Yo asentí amablemente y no pude menos que reírme por lo bajo de la cara de asombro de su padre, éste estaba tan confundido que me arrastró fuera de la habitación tan pronto como pudo.
—¡Este muchacho...! Yo esperaba que quisiera sacarlo a patadas y, en cambio, se ha mostrado civilizado.
—Bueno, él no conoce nuestras intenciones.
—¡Ja! ¡No lo subestime! Le aseguro que las adivinó antes de que yo abriera la puerta. Es un demonio muy listo —acompañó esas palabras con una amplia sonrisa, cargada de orgullo y satisfacción. Al ver mi expresión de asombro debió pensar que se debía a la frase poco cristiana que empleó—. ¡Perdón!, quise decir...
—Le comprendo. No se preocupe.
También comprendí otras cosas, aquel anciano estaba fascinado por la personalidad de su hijo. Pude palpar algo de la ternura que sentía y me conmoví. Recuerdo que me invadió algo de envidia porque mi padre solía ser autoritario y distante. Théophane, en cambio, veía a sus dos hijos como regalos y se maravillaba de ellos a cada momento. Todo su empeño por doblegar a Maurice nacía de un afán por protegerlo y mantenerlo a su lado.
—Maurice, ¿dónde estás? ¡He venido a sacarte de tu sepulcro! —se escuchó gritar por toda la casa unos minutos después.
—¡Ya ha vuelto...! —exclamó el Marqués con alegría, dejando inconclusa la conversación que sosteníamos.
Se dirigió con paso apresurado escaleras abajo, hacia el encuentro de un joven que había irrumpido en la Villa luciendo un elegante traje completamente desarreglado.
—¡Raffaele, este lugar se llena de vida cuando llegas! —dijo feliz el marqués, y le abrazó como si fuera su propio hijo—. ¡Ah, veo que estuviste de cacería!
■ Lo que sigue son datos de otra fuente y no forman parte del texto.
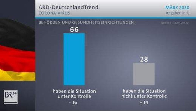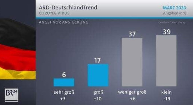 그렇지만 독일 공영방송인 ARD 조사에 따르면 독일 국민 39%가 코로나 바이러스가 두렵지 않다고 했고, 37%는 약간 걱정된다고 했다. 그러니까 76%는 크게 걱정하지 않는 셈이다.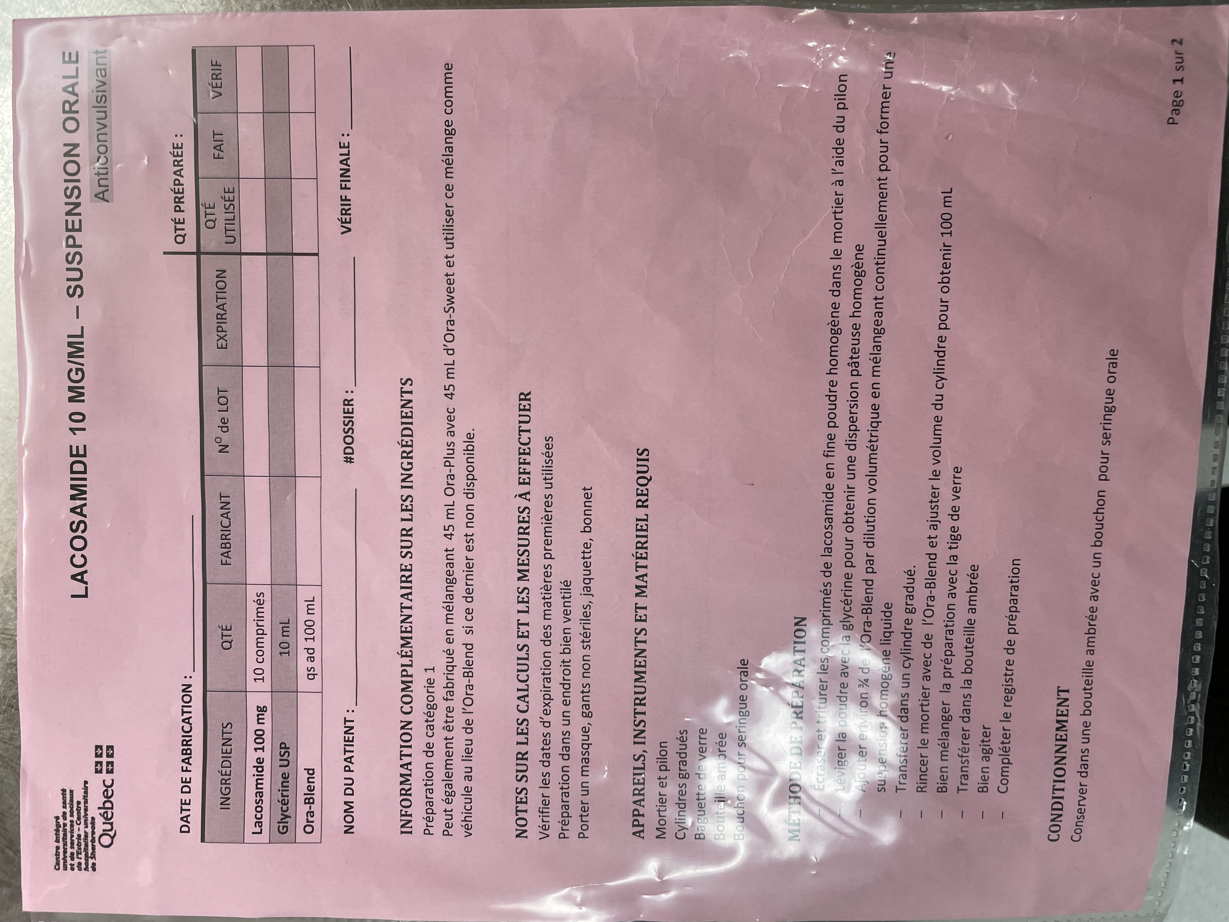 J'ai garder les comprimés pour les voies alternatives et on a aussi du IV.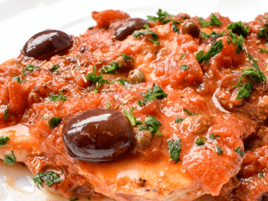 Locally caught stargazer, also known as monkfish cooked in a slowly cooked ragu, with olives, capers and all the Sicilian flavours!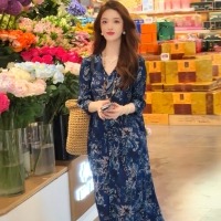 【復古顯瘦洋装】大地色植物印花融入自然,耐磨麵料防刮蹭,深色系顯高顯瘦,高級感滿滿~

—Así es, mi querido tío. Anoche estuve en un baile y hoy he despertado entre los brazos de una bella y complaciente dama. Como ve, soy su fiel discípulo —hizo una solemne reverencia.
—Calla, calla, que tengo un invitado... —le suplicó el viejo conteniendo la risa. Supongo que debió percatarse de que yo lo había seguido.
—Pero monsieur —le murmuró al oído el joven al verme, lo bastante fuerte como para que yo escuchara—, ¿acaso va a llenar de monjes esta villa? ¿No le basta con nuestro cachorro de jesuita?
No puedo decir lo desagradable que me resultó. Algo en mí se sintió amenazado por su imponente presencia. Sus rasgos parecían cincelados con firmeza, tenía pómulos marcados y el mentón fuerte. Poseía una hermosa melena negra, que dejaba caer a un lado de su rostro, y unos implacables ojos negros, con largas pestañas y cejas pobladas y rectas. Completaban el conjunto una nariz aguileña y una boca con un permanente gesto sugerente y despectivo a la vez. Pero lo que me sacó de mis casillas fue comprobar, una vez que estuvimos frente a frente, que era más alto que yo.
—¿A quién llamas así? —rugió una voz sobre nuestras cabezas. Se trataba de Maurice que venía bajando las escaleras con una expresión terrible.
—Pues a ti, mi querido primo. —contestó el recién llegado esgrimiendo la más encantadora de sus sonrisas—. Me alegra verte del mismo humor de siempre.
—Deja de hablar estupideces, me aburres —gruñó y se dirigió al jardín haciéndole una para que lo siguiera.
—Temo que el sermón de hoy será largo.
—Anda, Raffaele, ve y cuéntale de tus correrías a ver si se anima a seguirte.
—Pondré todo mi empeño, mi querido tío.
Volvió a hacer una reverencia, más apropiada a un comediante de algún teatro barato que a un noble, y fue tras Maurice. El marqués se quedó mirándolo lleno de satisfacción.
Entonces comprendí su juego. No buscaba el bienestar espiritual de su hijo, me llamó por la misma razón que permitía a su sobrino presentarse con semejante desfachatez en su casa: quería que Maurice desistiera de la idea de ser jesuita sin importar qué eligiera a cambio. Con Raffaele intentaba atraerlo hacia los placeres mundanos, y conmigo a través de otra doctrina religiosa. Apostaba a ganar jugando con dos barajas distintas e incluso opuestas.